- Origin: Middletown, Connecticut
- Genres: Progressive rock
- Years active: 2004 - present
- Members: James Byron Schoen Tony Waldman Stefan Paolini Barry Seroff TD Towers
- Past members: See below
- Website: www.edensongtheband.com

= Edensong =

Edensong is a New York-based orchestral progressive rock band formed in 2004. Their 2008 debut album, The Fruit Fallen, and 2009/2010 festival performances have received much praise within the progressive rock community. The band released their latest album, 'Our Road to Dust' on 2025.

==History==

=== College Years (2002–2005) ===

Edensong formed at Wesleyan University in Middletown, Connecticut in 2002. The band began as a collaboration between two students, drummer Matt Cozin, and singer/songwriter James Schoen. The two later joined forces with guitarist Ben Wigler, a former bandmate and childhood friend of Schoen's, under the name "Echoes of Eden." The band's debut production was an epic rock-opera, entitled “Beyond Eden,” performed at Wesleyan University in April 2003. The composition included a full rock band, orchestral instruments, a choir, and an African drumming ensemble.

=== After College (2005–2008) ===

After graduating from Wesleyan, Schoen and a fresh lineup took the project (by this time redubbed "Edensong") in a more traditional direction: standard rock band. The band focused primarily on live performances in the New York area. However, this emphasis on performance greatly detracted from their studio work, and ultimately delayed the production of their debut album, "The Fruit Fallen.” Tensions regarding a tour with fellow New York–based band Astronaut Down in 2006 caused the band to dissolve again.

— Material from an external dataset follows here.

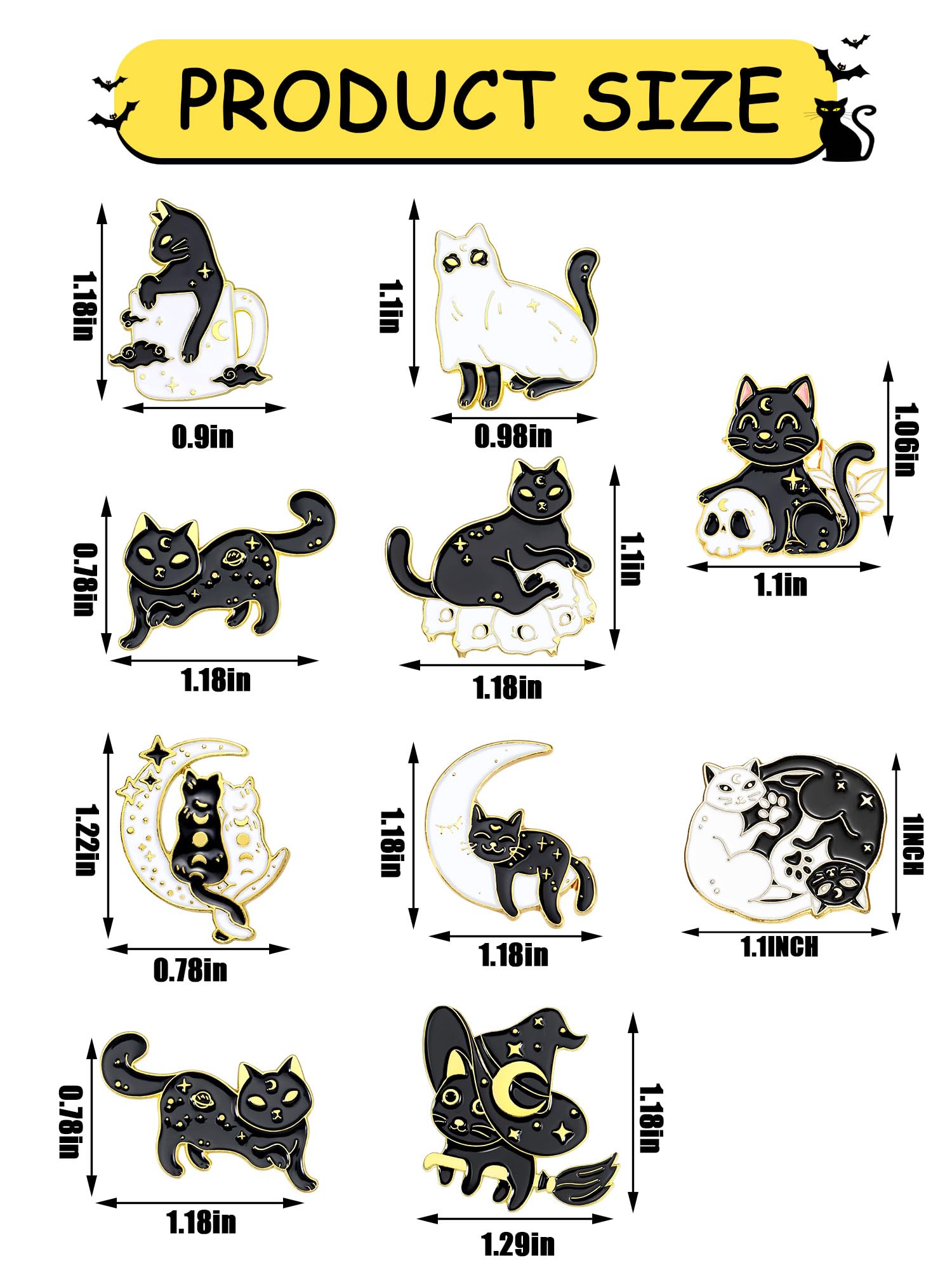- Original Brooches & Pins – 10 Pieces Cat Pins Cute Brooch Pin Set Kawaii Cat Backpack Pin Black Cat Book Brooch Gothic Aesthetic Cat Buttons for Backpacks Clothing Bags Lapel Jackets for Women Men DIY Presents by Hoteam

This left Schoen alone with the task of completing the recording and mixing of "The Fruit Fallen." The album was finally completed in October 2007 after being mastered by the legendary engineer Bob Katz, and was released in the summer of 2008 to widely held critical acclaim.

=== Echoes of Edensong (2008–2011) ===

As a performing band, Edensong became active in the festival circuit, playing three progressive rock festival performances: Three Rivers Progressive Rock Festival in August 2009, ProgDay in September 2009, and the Terra Incognita festival at Quebec City in May 2010. The band contributed the song Lorelai to The Haiti Projekt, a compilation of works by progressive rock artists created to raise relief funds in the wake of the disaster in Haiti. Their EP, “Echoes of Edensong: From the Studio and Stage,” features new studio-recorded tracks as well as selected live tracks from their festival appearances from 2008 to 2009.The cover artwork was done by noted New Jersey–based painter Alison Silva.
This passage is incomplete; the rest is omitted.